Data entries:

....

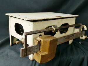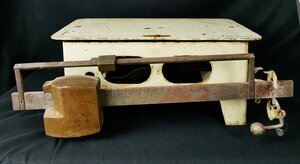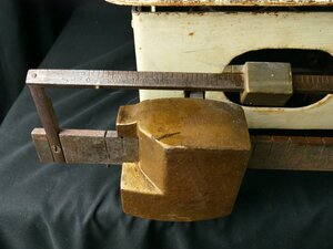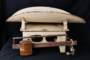 Laufgewichtswaage zum Wiegen von Säuglingen. Die stabile Waage ist bis 21 kg belastbar. Die Waage ist größtenteils weiß lackiert und steht auf 4 Füßchen. Die Waage besteht aus zwei Teilen: Der Unterteil ist eine Laufgewichtswaage. Auf dieser steht unverbunden ein Aufsatz in den ein Baby gelegt werden kann. An der Vorderseite ist auf dem Deckel des Unterteils der Waage ist das Logo des Herstellers angebracht. Leider ist es nicht mehr lesbar. Laufgewichtswaagen sind asymmetrische Balkenwaagen. Dieses seit der römischen Schnellwaage bekannte Prinzip wurde in den Laufgewichts-Brückenwaagen weiterentwickelt. Mittels Verschieben der Gewichte auf der mit einer Messskala ausgestatteten Brücke kann das Gewicht des Wiegeguts ermittelt werden. Die Waage ist dann im Gleichgewicht, wenn der rechts an der Brücke angebrachte Marker auf gleicher Höhe wie der an der Waage fest angebrachte Marker ist. Die Gewichtsmessung erfolgt folgendermaßen: Die Schale wird mit dem Wiegegut gefüllt und drückt auf die unterhalb innerhalb des Gehäuses der Waage befindlichen Mechanik. Die Brücke klappt links nach unten und rechts nach oben. Das untere (große) Gewicht auf der unteren Schiene dient der "Grobeinstellung" und läuft von 0 kg bis 20 kg. Im Verlauf des Wiegens wird dieses so weit nach rechts verschoben, dass die Leiste mit der Skala gerade nicht nach rechts kippt. Das Gewicht lässt man nun bei der Aussparung der letzten davorliegenden Groß-Maßeinheit einrasten. Auf einer Schiene darüber befindet sich ein kleineres Gewichte. Es dient beim Wiegevorgang zur bis auf 10 g genauen Feineinstellung und läuft von 0 g bis 1000 g.
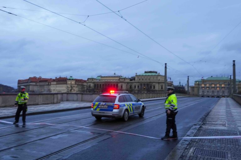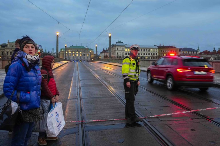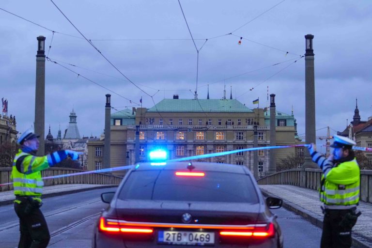 Polícia zabezpečuje oblasť pri budove Filozofickej fakulty Karlovej univerzity v Prahe, kde sa odohrala streľba, ktorá si vyžiadala niekoľko mŕtvych a zranených. Praha, 21. december 2023. Foto: SITA/AP
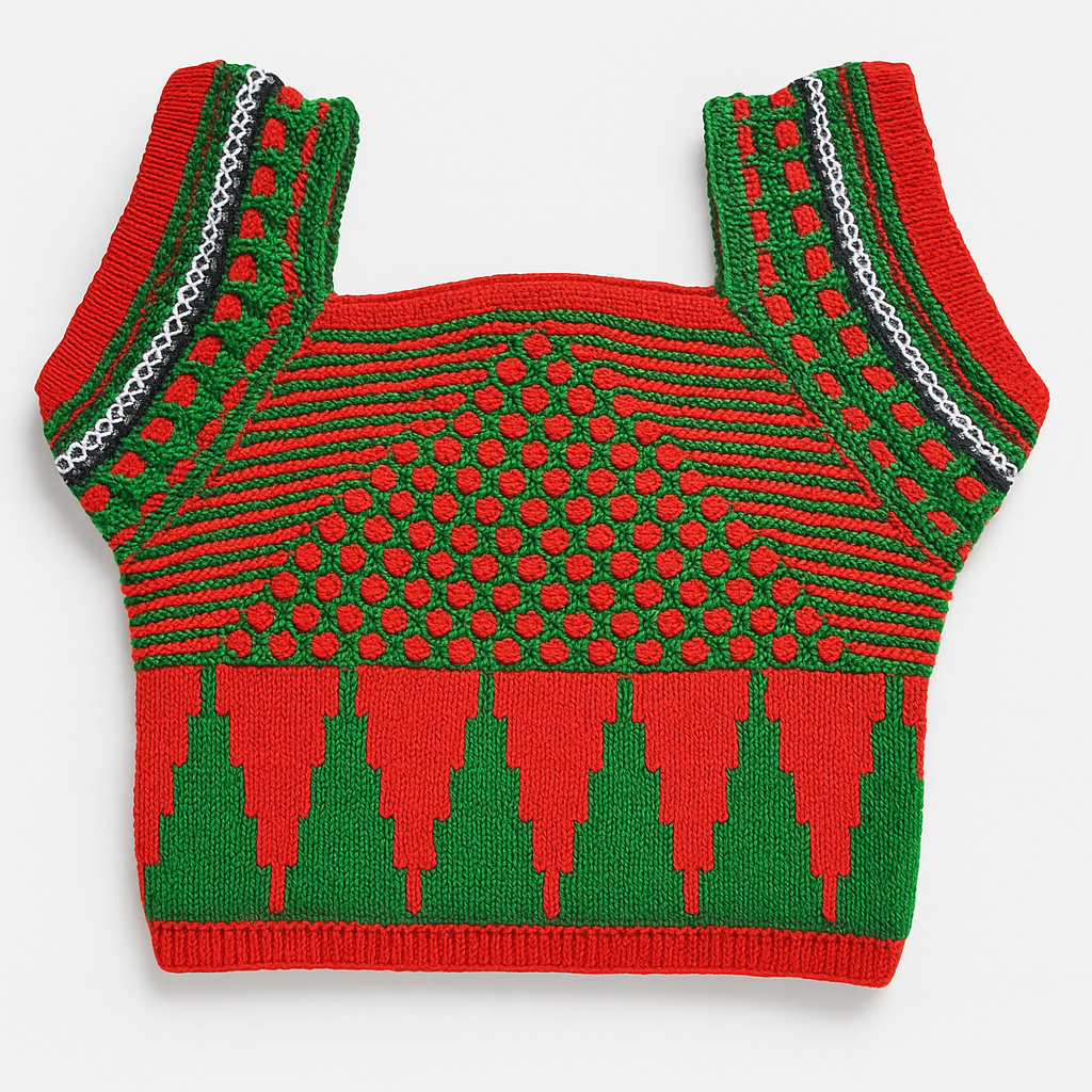 Attractive Design: Eye-catching red & green pattern with detailed knitting
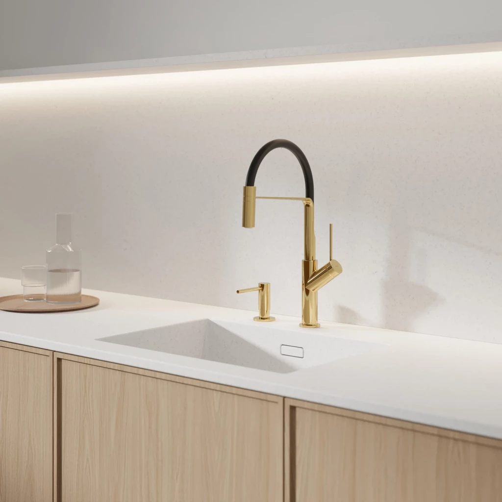 Kuchyňská baterie OMNIRES VITA kombinuje vytříbený tvar s vynikající funkčností. Její moderní, minimalistický design je založen na geometrických tvarech oblouku a vytváří lehkou a vizuálně ucelenou siluetu. Otočný výtok s funkcí sprchy lze oddělit, což umožňuje přesný průtok vody, kamkoli je to potřeba. Flexibilní černá gumová část a optimální výška baterie usnadňuje každodenní používání. Tento model je vybaven vysoce kvalitní keramickou kartuší a inovativními technologickými řešeními, která snižují spotřebu vody na polovinu a zároveň zajišťují pohodlí a snadné používání.
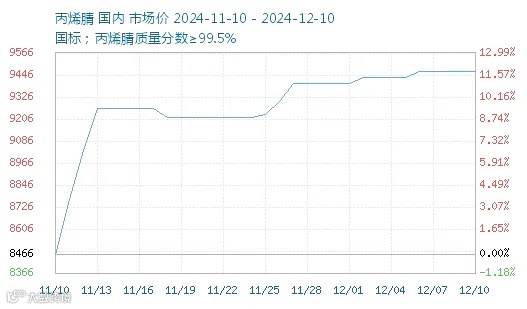 10月中旬至今,丙烯腈开启上涨走势。从10月17日的8500元/吨,快速拉升到目前的9750元/吨,期间涨幅高达1250元/吨!丙烯腈部分区域货源供应较为紧张,厂家报盘持续调涨,带动市场价格高位走挺。

....

Task to carry out → Every record above should reappear exactly, with the pictures gone.

Written answer →
 Laufgewichtswaage zum Wiegen von Säuglingen. Die stabile Waage ist bis 21 kg belastbar. Die Waage ist größtenteils weiß lackiert und steht auf 4 Füßchen. Die Waage besteht aus zwei Teilen: Der Unterteil ist eine Laufgewichtswaage. Auf dieser steht unverbunden ein Aufsatz in den ein Baby gelegt werden kann. An der Vorderseite ist auf dem Deckel des Unterteils der Waage ist das Logo des Herstellers angebracht. Leider ist es nicht mehr lesbar. Laufgewichtswaagen sind asymmetrische Balkenwaagen. Dieses seit der römischen Schnellwaage bekannte Prinzip wurde in den Laufgewichts-Brückenwaagen weiterentwickelt. Mittels Verschieben der Gewichte auf der mit einer Messskala ausgestatteten Brücke kann das Gewicht des Wiegeguts ermittelt werden. Die Waage ist dann im Gleichgewicht, wenn der rechts an der Brücke angebrachte Marker auf gleicher Höhe wie der an der Waage fest angebrachte Marker ist. Die Gewichtsmessung erfolgt folgendermaßen: Die Schale wird mit dem Wiegegut gefüllt und drückt auf die unterhalb innerhalb des Gehäuses der Waage befindlichen Mechanik. Die Brücke klappt links nach unten und rechts nach oben. Das untere (große) Gewicht auf der unteren Schiene dient der "Grobeinstellung" und läuft von 0 kg bis 20 kg. Im Verlauf des Wiegens wird dieses so weit nach rechts verschoben, dass die Leiste mit der Skala gerade nicht nach rechts kippt. Das Gewicht lässt man nun bei der Aussparung der letzten davorliegenden Groß-Maßeinheit einrasten. Auf einer Schiene darüber befindet sich ein kleineres Gewichte. Es dient beim Wiegevorgang zur bis auf 10 g genauen Feineinstellung und läuft von 0 g bis 1000 g.
 Polícia zabezpečuje oblasť pri budove Filozofickej fakulty Karlovej univerzity v Prahe, kde sa odohrala streľba, ktorá si vyžiadala niekoľko mŕtvych a zranených. Praha, 21. december 2023. Foto: SITA/AP
 Attractive Design: Eye-catching red & green pattern with detailed knitting
 Kuchyňská baterie OMNIRES VITA kombinuje vytříbený tvar s vynikající funkčností. Její moderní, minimalistický design je založen na geometrických tvarech oblouku a vytváří lehkou a vizuálně ucelenou siluetu. Otočný výtok s funkcí sprchy lze oddělit, což umožňuje přesný průtok vody, kamkoli je to potřeba. Flexibilní černá gumová část a optimální výška baterie usnadňuje každodenní používání. Tento model je vybaven vysoce kvalitní keramickou kartuší a inovativními technologickými řešeními, která snižují spotřebu vody na polovinu a zároveň zajišťují pohodlí a snadné používání.
 10月中旬至今,丙烯腈开启上涨走势。从10月17日的8500元/吨,快速拉升到目前的9750元/吨,期间涨幅高达1250元/吨!丙烯腈部分区域货源供应较为紧张,厂家报盘持续调涨,带动市场价格高位走挺。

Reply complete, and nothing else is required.